* RECORDS FOR THIS EXERCISE *
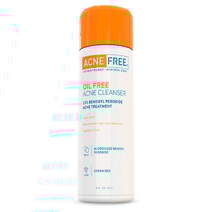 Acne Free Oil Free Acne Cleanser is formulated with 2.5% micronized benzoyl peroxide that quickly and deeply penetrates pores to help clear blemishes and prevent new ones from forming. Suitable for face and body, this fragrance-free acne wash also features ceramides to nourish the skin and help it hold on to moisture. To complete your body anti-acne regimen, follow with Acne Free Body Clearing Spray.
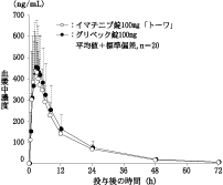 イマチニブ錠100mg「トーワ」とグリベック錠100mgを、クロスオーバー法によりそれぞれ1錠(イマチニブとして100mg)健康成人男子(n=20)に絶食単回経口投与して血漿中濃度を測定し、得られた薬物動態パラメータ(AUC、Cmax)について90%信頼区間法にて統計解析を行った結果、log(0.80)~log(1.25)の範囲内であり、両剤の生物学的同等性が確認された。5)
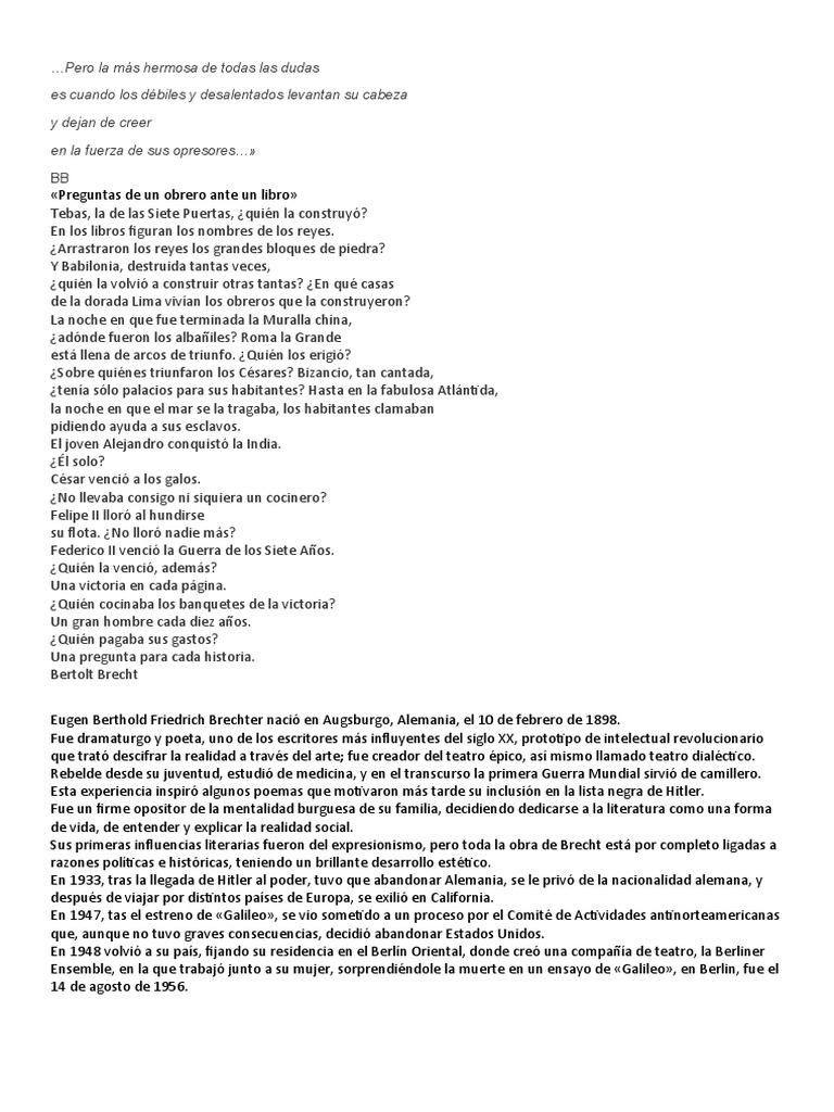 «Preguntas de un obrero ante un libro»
* * *
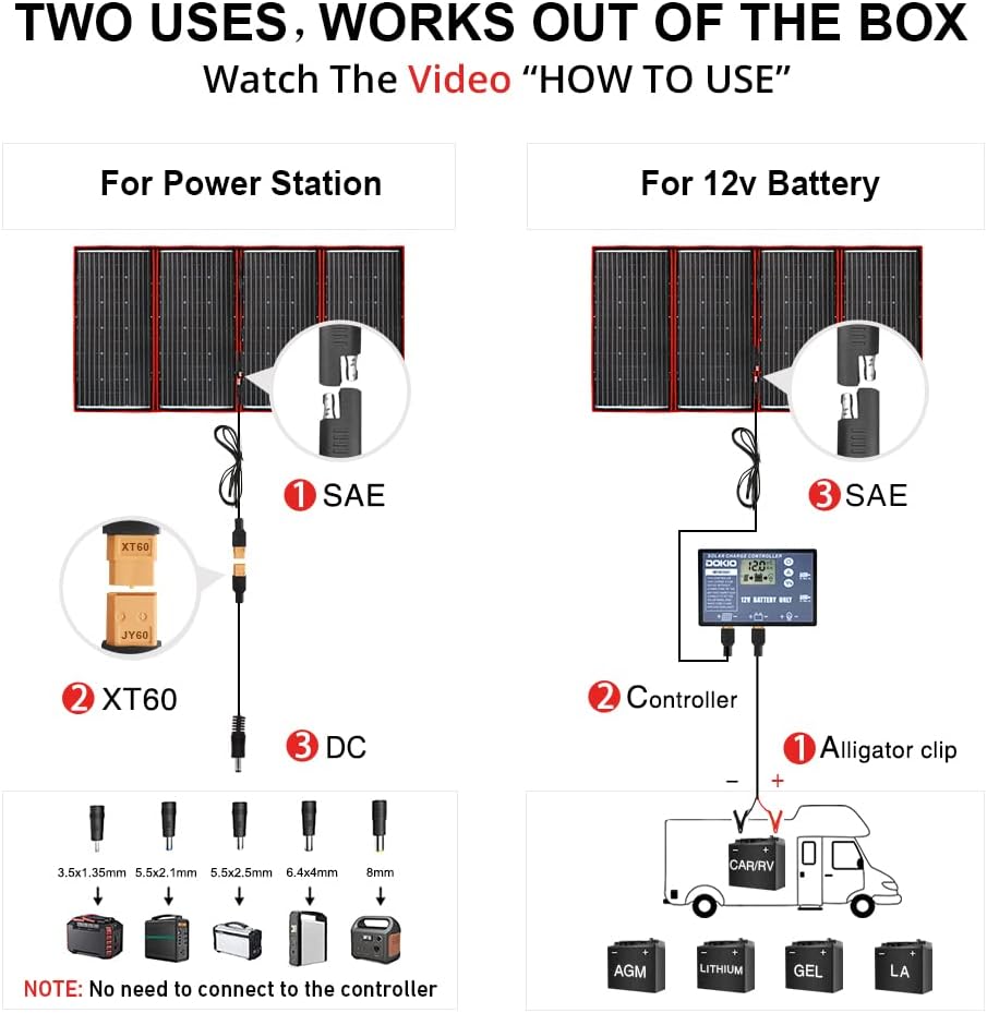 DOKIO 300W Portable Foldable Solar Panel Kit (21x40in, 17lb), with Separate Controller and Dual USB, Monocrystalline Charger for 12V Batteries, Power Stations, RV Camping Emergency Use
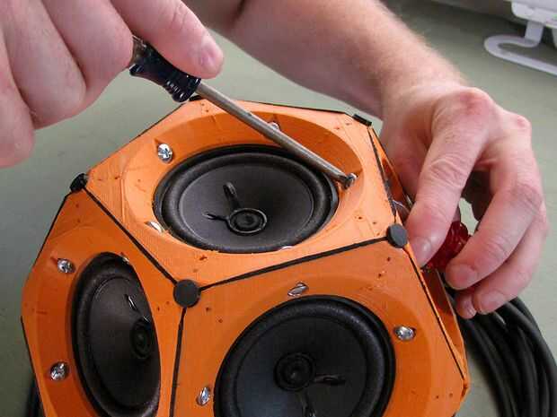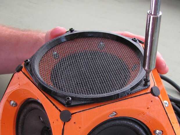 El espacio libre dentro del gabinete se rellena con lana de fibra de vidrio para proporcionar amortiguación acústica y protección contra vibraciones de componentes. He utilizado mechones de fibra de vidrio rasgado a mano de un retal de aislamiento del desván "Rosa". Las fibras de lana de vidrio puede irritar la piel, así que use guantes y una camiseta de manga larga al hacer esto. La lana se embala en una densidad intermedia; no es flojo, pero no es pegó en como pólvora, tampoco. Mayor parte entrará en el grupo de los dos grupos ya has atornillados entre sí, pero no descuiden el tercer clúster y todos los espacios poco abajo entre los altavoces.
==
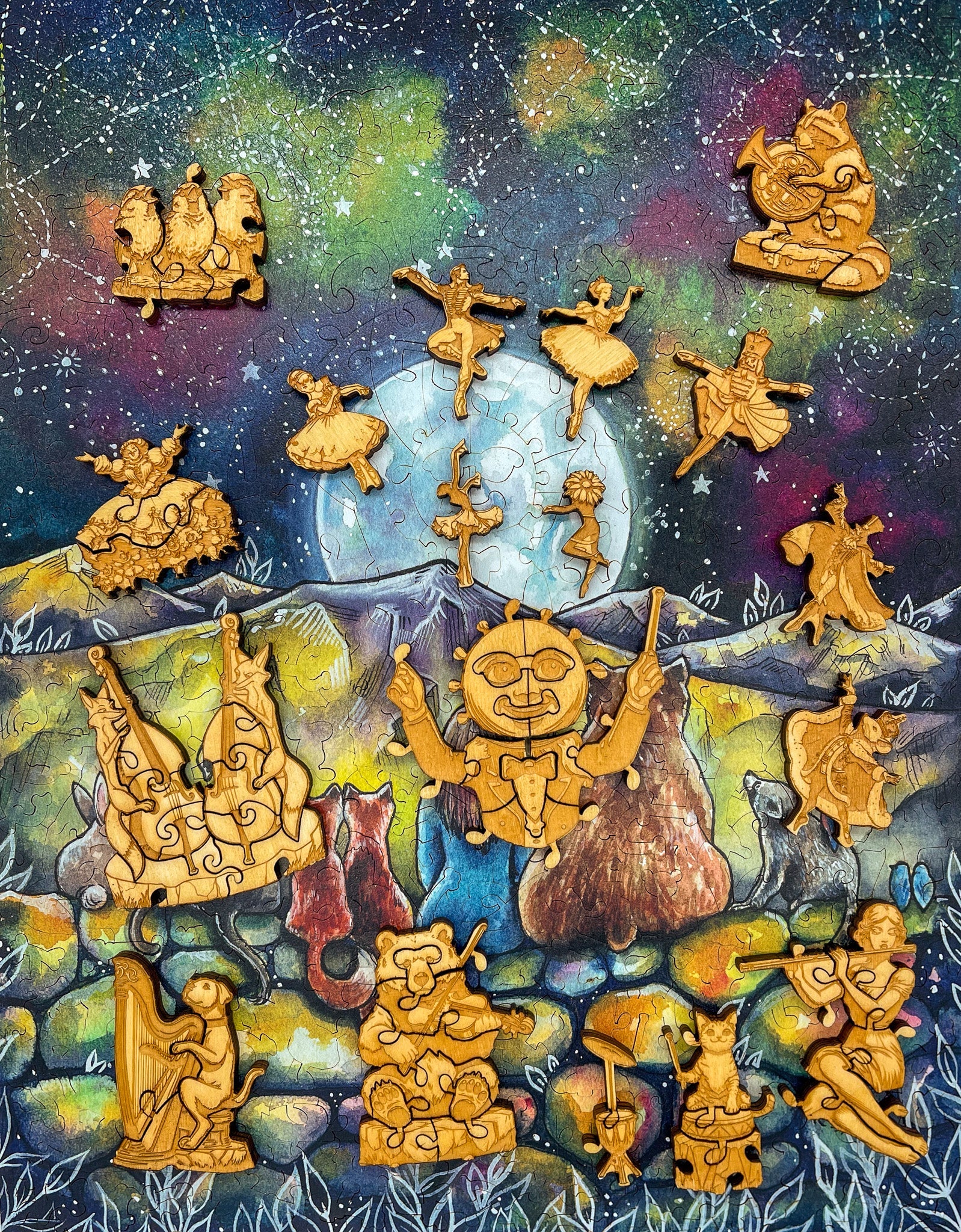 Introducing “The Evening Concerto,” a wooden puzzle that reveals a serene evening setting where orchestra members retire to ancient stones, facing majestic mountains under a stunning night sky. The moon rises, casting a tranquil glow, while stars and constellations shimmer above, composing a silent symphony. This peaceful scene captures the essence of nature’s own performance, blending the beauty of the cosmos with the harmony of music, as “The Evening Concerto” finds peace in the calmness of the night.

* WHAT YOU ARE ASKED TO DO *
Although pictures appear among the entries, please set down only the lines from the one with "イマチニブ錠100mg「トー" up to and including the one with "de un obrero", word for word.

* OUTPUT FOR THIS EXERCISE *
 イマチニブ錠100mg「トーワ」とグリベック錠100mgを、クロスオーバー法によりそれぞれ1錠(イマチニブとして100mg)健康成人男子(n=20)に絶食単回経口投与して血漿中濃度を測定し、得られた薬物動態パラメータ(AUC、Cmax)について90%信頼区間法にて統計解析を行った結果、log(0.80)~log(1.25)の範囲内であり、両剤の生物学的同等性が確認された。5)
 «Preguntas de un obrero ante un libro»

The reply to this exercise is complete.